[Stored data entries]

##########

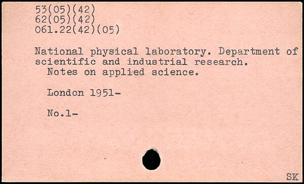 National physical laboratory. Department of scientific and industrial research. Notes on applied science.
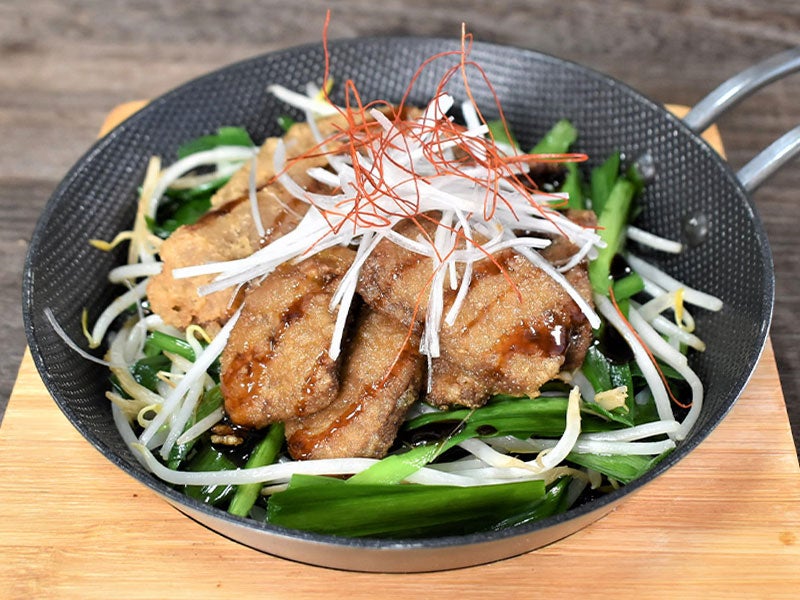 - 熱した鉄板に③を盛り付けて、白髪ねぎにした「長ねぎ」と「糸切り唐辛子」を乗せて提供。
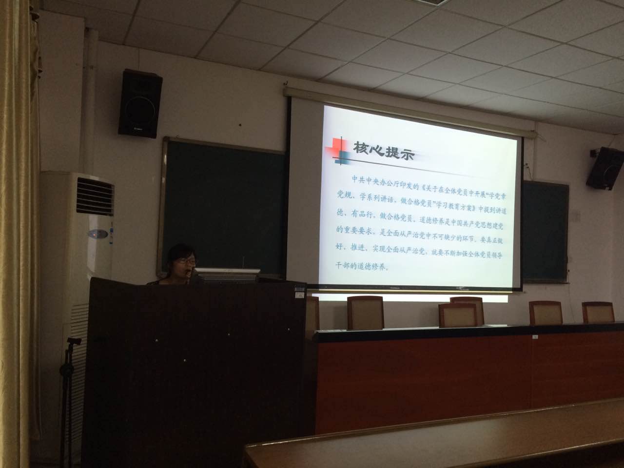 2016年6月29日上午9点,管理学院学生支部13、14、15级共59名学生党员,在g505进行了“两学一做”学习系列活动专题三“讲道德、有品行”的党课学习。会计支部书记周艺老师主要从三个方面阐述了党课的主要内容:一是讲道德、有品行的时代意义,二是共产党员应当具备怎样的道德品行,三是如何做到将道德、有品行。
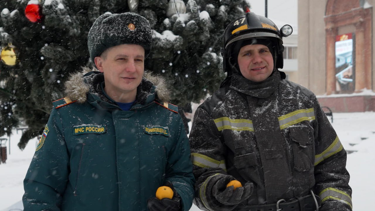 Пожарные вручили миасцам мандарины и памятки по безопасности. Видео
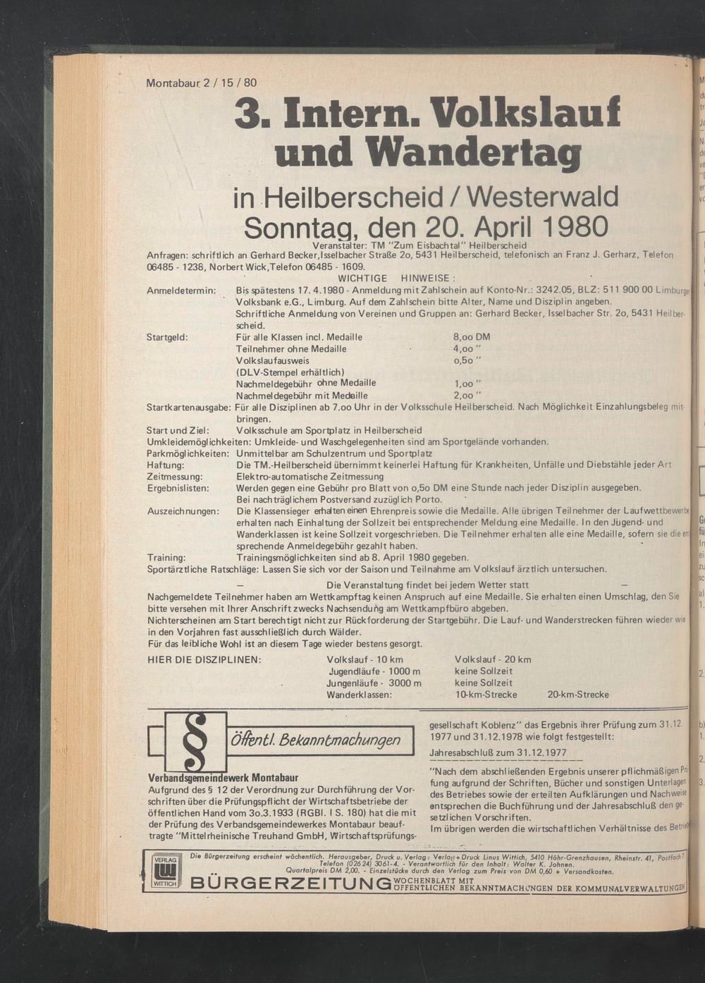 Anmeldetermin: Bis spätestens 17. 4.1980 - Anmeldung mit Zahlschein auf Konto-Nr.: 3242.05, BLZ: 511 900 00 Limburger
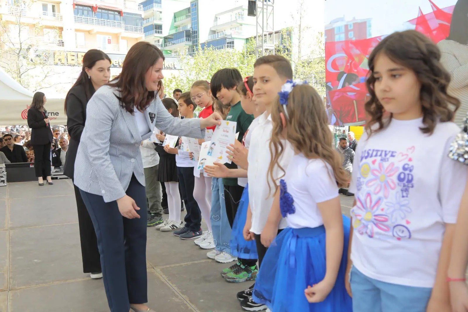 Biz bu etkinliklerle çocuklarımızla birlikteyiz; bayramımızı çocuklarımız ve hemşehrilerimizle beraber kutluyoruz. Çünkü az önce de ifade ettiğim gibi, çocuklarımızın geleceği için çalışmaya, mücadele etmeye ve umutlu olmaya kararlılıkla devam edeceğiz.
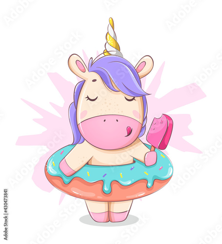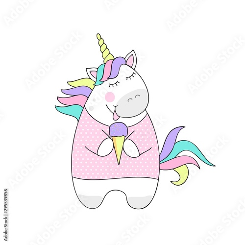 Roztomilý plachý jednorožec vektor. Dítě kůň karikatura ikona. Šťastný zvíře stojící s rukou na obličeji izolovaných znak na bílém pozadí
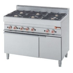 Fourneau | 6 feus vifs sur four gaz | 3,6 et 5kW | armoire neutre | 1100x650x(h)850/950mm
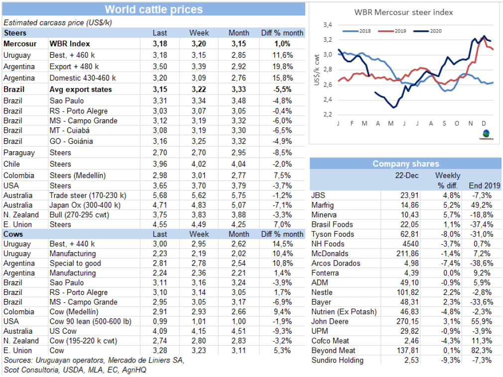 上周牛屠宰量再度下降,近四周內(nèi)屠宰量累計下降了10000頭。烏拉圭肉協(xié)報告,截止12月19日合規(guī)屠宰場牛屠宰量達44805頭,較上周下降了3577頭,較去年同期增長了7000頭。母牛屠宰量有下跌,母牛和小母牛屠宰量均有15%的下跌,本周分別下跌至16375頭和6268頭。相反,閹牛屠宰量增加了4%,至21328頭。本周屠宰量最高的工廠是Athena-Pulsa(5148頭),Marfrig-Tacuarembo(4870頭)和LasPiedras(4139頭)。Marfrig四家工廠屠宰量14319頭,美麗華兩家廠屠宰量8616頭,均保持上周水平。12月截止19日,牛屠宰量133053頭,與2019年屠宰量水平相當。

##########

**WHAT YOU WILL DO**: Retype the data exactly as it stands, but keep the images out of your copy.

**OUTPUT**:
 National physical laboratory. Department of scientific and industrial research. Notes on applied science.
 - 熱した鉄板に③を盛り付けて、白髪ねぎにした「長ねぎ」と「糸切り唐辛子」を乗せて提供。
 2016年6月29日上午9点,管理学院学生支部13、14、15级共59名学生党员,在g505进行了“两学一做”学习系列活动专题三“讲道德、有品行”的党课学习。会计支部书记周艺老师主要从三个方面阐述了党课的主要内容:一是讲道德、有品行的时代意义,二是共产党员应当具备怎样的道德品行,三是如何做到将道德、有品行。
 Пожарные вручили миасцам мандарины и памятки по безопасности. Видео
 Anmeldetermin: Bis spätestens 17. 4.1980 - Anmeldung mit Zahlschein auf Konto-Nr.: 3242.05, BLZ: 511 900 00 Limburger
 Biz bu etkinliklerle çocuklarımızla birlikteyiz; bayramımızı çocuklarımız ve hemşehrilerimizle beraber kutluyoruz. Çünkü az önce de ifade ettiğim gibi, çocuklarımızın geleceği için çalışmaya, mücadele etmeye ve umutlu olmaya kararlılıkla devam edeceğiz.
 Roztomilý plachý jednorožec vektor. Dítě kůň karikatura ikona. Šťastný zvíře stojící s rukou na obličeji izolovaných znak na bílém pozadí
 Fourneau | 6 feus vifs sur four gaz | 3,6 et 5kW | armoire neutre | 1100x650x(h)850/950mm
 上周牛屠宰量再度下降,近四周內(nèi)屠宰量累計下降了10000頭。烏拉圭肉協(xié)報告,截止12月19日合規(guī)屠宰場牛屠宰量達44805頭,較上周下降了3577頭,較去年同期增長了7000頭。母牛屠宰量有下跌,母牛和小母牛屠宰量均有15%的下跌,本周分別下跌至16375頭和6268頭。相反,閹牛屠宰量增加了4%,至21328頭。本周屠宰量最高的工廠是Athena-Pulsa(5148頭),Marfrig-Tacuarembo(4870頭)和LasPiedras(4139頭)。Marfrig四家工廠屠宰量14319頭,美麗華兩家廠屠宰量8616頭,均保持上周水平。12月截止19日,牛屠宰量133053頭,與2019年屠宰量水平相當。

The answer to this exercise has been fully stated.